## WORK REQUIRED:
From the data below, return only the lines from the one with "Soubassement bois dans" through the one with "Gambar 13. Landmark Ambon City of Fish", exact and inclusive, with pictures left out.

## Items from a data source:
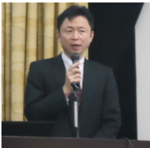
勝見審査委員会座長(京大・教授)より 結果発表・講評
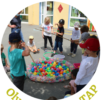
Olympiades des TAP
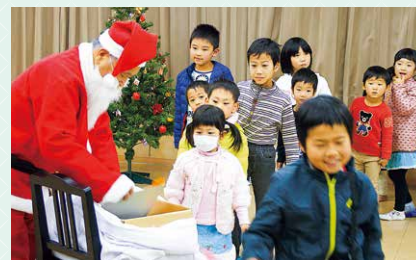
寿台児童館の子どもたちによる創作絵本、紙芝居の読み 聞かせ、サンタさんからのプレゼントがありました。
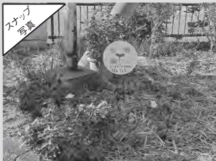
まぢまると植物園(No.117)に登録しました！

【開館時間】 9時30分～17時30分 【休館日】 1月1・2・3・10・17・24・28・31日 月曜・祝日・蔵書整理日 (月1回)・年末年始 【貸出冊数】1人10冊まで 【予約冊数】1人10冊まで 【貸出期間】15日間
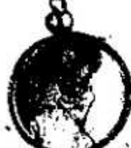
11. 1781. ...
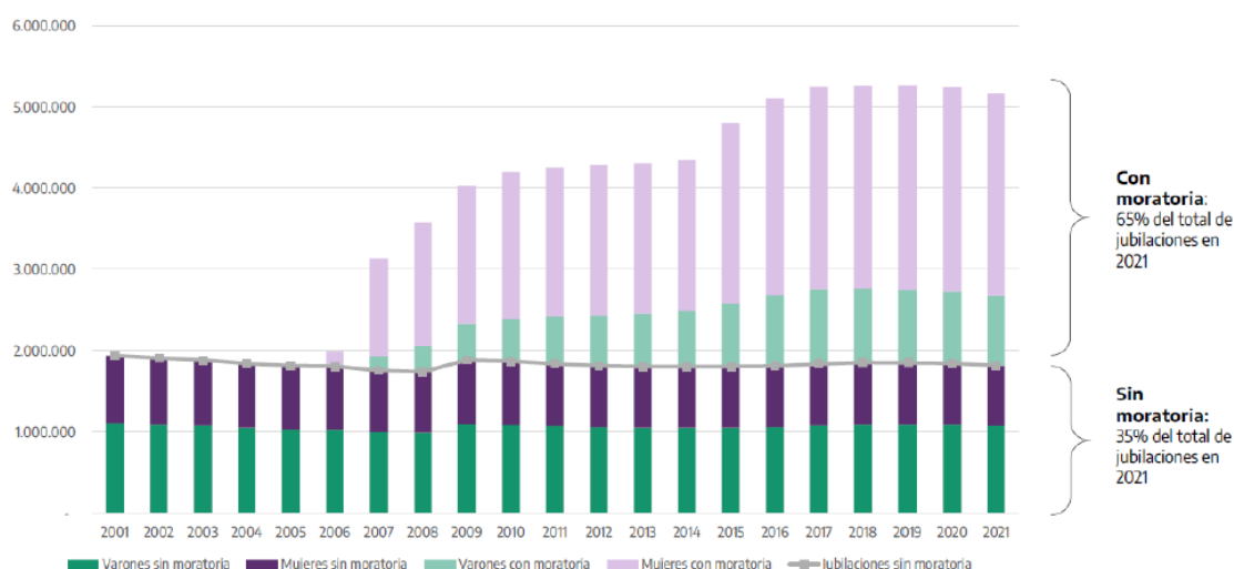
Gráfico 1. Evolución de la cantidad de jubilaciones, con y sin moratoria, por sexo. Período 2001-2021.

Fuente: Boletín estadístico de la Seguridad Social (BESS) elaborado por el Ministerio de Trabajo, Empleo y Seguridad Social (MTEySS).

---

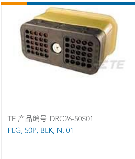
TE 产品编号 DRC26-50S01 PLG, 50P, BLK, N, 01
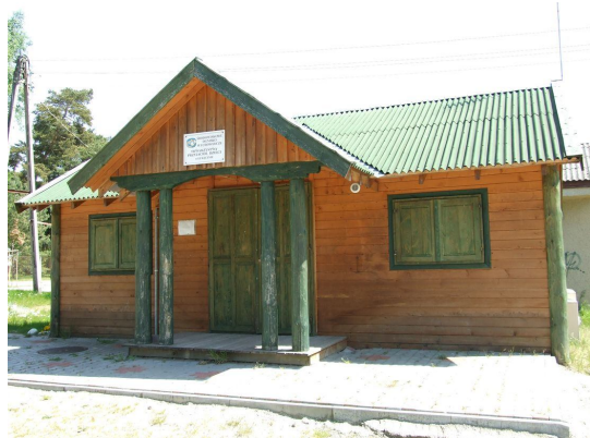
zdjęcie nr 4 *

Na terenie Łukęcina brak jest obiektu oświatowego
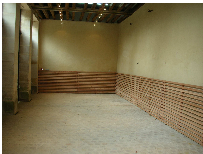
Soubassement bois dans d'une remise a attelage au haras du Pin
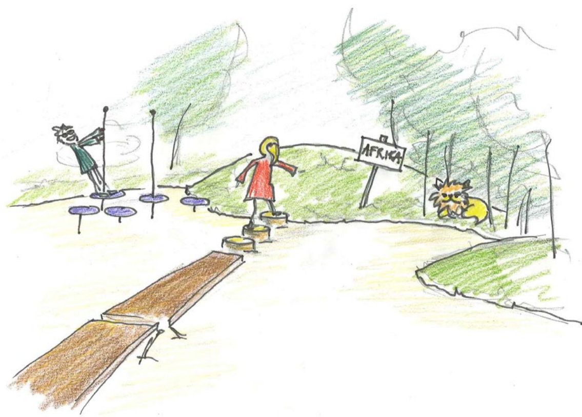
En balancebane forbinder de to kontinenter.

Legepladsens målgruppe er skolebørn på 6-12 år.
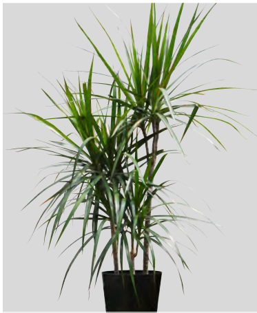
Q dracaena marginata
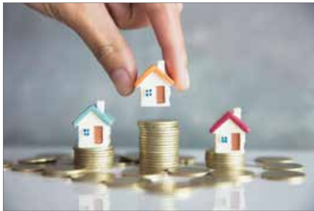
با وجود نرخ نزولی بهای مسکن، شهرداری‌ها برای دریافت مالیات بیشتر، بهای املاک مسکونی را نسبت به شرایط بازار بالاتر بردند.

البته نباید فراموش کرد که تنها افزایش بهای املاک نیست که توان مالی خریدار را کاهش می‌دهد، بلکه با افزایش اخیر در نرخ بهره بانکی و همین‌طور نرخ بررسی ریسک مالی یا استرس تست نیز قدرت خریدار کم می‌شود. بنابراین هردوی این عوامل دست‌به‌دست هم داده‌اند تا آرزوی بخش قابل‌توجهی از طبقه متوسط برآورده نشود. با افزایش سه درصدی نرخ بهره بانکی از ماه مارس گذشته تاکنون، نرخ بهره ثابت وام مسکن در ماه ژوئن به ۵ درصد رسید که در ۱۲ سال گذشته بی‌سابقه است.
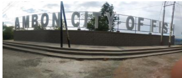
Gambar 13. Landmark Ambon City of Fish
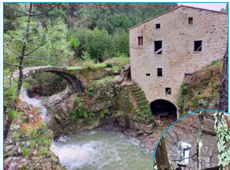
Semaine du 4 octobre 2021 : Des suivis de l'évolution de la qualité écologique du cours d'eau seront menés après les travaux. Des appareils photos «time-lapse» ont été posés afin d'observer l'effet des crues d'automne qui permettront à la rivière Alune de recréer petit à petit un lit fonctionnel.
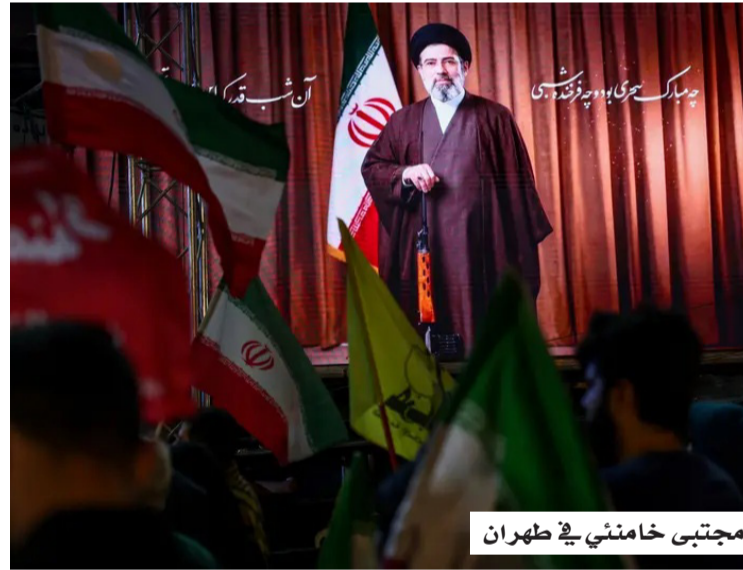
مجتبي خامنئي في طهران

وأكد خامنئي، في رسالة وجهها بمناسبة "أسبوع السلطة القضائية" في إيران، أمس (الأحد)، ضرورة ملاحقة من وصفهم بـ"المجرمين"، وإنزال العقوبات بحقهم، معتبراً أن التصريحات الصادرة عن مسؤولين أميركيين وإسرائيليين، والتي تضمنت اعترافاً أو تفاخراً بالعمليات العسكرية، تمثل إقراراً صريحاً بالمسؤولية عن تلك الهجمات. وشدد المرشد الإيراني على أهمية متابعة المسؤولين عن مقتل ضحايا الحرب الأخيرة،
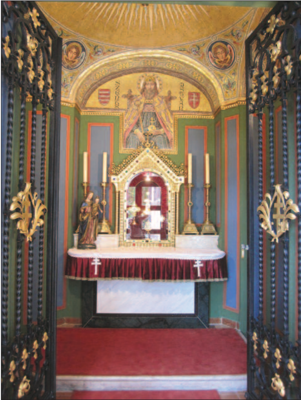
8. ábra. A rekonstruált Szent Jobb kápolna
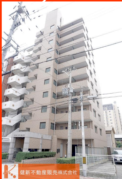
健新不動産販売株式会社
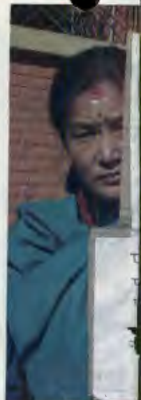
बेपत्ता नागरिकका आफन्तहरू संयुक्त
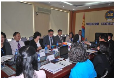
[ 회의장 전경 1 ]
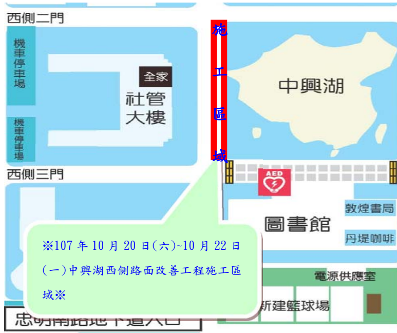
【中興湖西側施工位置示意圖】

---

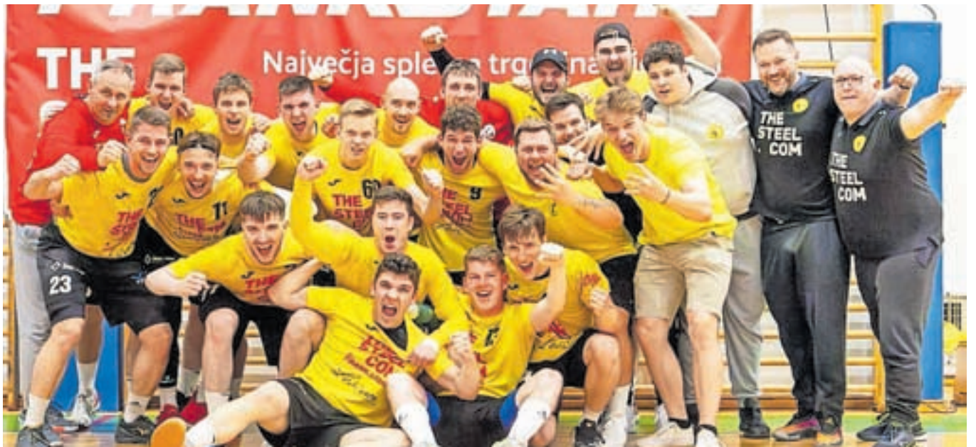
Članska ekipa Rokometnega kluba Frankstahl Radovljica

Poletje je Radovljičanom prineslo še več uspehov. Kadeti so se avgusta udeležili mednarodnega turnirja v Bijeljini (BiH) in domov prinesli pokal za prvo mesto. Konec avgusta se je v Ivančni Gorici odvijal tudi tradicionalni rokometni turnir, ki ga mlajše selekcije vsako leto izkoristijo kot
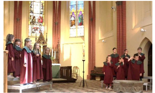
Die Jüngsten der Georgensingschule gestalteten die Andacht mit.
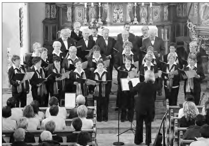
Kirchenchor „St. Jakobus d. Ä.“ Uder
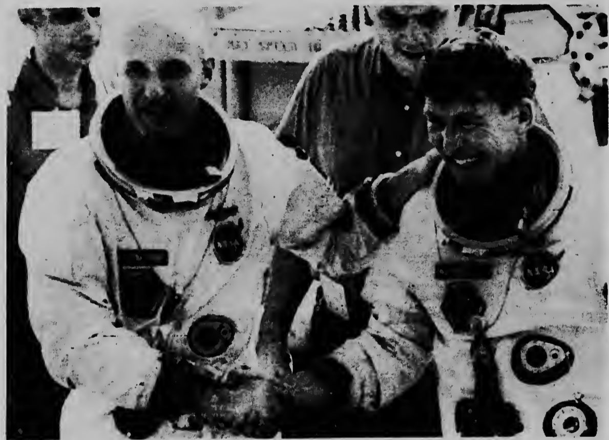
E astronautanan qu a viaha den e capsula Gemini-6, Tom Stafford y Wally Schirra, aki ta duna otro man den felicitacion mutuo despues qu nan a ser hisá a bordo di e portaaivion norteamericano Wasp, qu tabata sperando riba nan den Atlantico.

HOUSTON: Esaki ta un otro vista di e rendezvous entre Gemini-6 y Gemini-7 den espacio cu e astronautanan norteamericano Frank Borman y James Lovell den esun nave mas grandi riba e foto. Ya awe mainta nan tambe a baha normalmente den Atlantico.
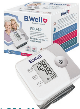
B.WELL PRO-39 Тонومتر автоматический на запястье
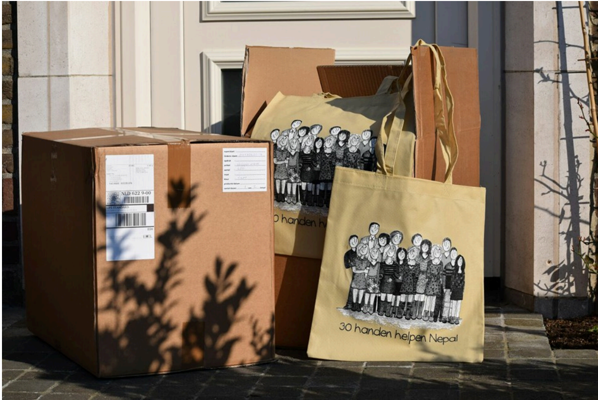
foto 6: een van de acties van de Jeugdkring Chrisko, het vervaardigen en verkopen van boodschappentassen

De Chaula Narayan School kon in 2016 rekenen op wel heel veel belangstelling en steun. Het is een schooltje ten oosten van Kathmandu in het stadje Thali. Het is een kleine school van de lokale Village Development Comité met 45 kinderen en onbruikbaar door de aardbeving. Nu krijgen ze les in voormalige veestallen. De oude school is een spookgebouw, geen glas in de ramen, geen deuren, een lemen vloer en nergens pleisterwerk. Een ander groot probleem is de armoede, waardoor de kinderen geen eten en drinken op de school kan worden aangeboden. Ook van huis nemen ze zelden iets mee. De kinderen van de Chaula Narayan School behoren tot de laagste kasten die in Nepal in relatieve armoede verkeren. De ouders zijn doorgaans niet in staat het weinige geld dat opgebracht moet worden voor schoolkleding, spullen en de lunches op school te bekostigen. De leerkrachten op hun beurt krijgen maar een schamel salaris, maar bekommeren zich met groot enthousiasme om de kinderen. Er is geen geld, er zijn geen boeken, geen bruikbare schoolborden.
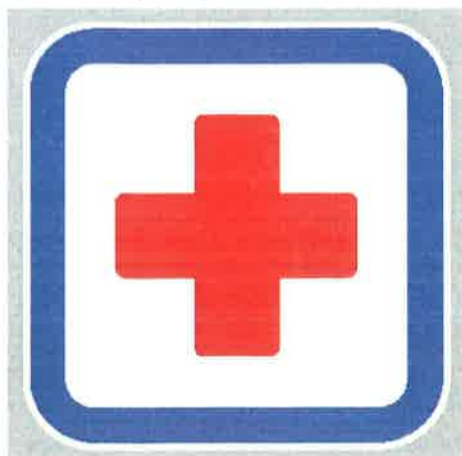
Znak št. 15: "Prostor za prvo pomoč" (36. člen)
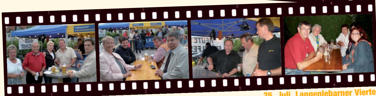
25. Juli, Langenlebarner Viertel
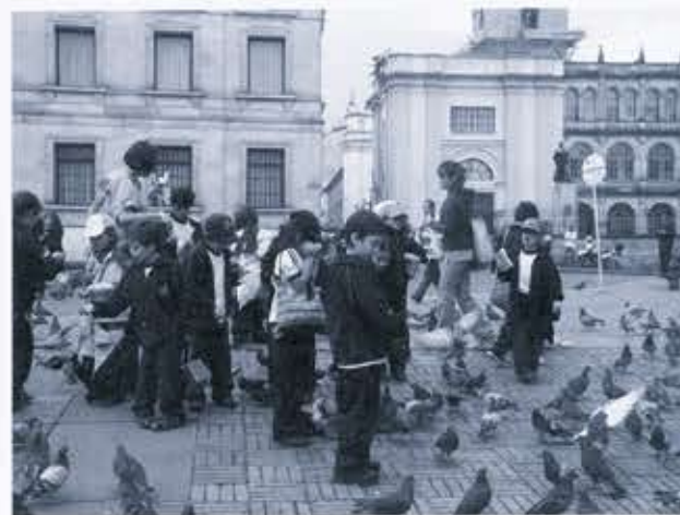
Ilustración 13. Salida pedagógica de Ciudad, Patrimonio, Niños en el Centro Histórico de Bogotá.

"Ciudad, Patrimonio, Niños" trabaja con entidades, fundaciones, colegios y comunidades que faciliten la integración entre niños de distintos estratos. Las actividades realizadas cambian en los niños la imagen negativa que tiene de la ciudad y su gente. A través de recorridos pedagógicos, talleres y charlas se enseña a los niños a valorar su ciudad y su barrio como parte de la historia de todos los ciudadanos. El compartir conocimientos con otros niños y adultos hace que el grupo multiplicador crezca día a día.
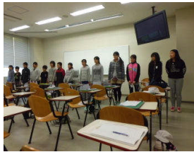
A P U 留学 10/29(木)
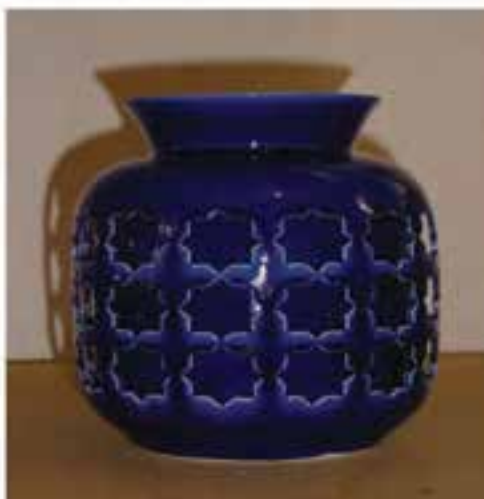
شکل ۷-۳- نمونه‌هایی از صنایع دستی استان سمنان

## ANSWER TO THIS EXERCISE:
Soubassement bois dans d'une remise a attelage au haras du Pin
En balancebane forbinder de to kontinenter.

Legepladsens målgruppe er skolebørn på 6-12 år.
Q dracaena marginata
با وجود نرخ نزولی بهای مسکن، شهرداری‌ها برای دریافت مالیات بیشتر، بهای املاک مسکونی را نسبت به شرایط بازار بالاتر بردند.

البته نباید فراموش کرد که تنها افزایش بهای املاک نیست که توان مالی خریدار را کاهش می‌دهد، بلکه با افزایش اخیر در نرخ بهره بانکی و همین‌طور نرخ بررسی ریسک مالی یا استرس تست نیز قدرت خریدار کم می‌شود. بنابراین هردوی این عوامل دست‌به‌دست هم داده‌اند تا آرزوی بخش قابل‌توجهی از طبقه متوسط برآورده نشود. با افزایش سه درصدی نرخ بهره بانکی از ماه مارس گذشته تاکنون، نرخ بهره ثابت وام مسکن در ماه ژوئن به ۵ درصد رسید که در ۱۲ سال گذشته بی‌سابقه است.
Gambar 13. Landmark Ambon City of Fish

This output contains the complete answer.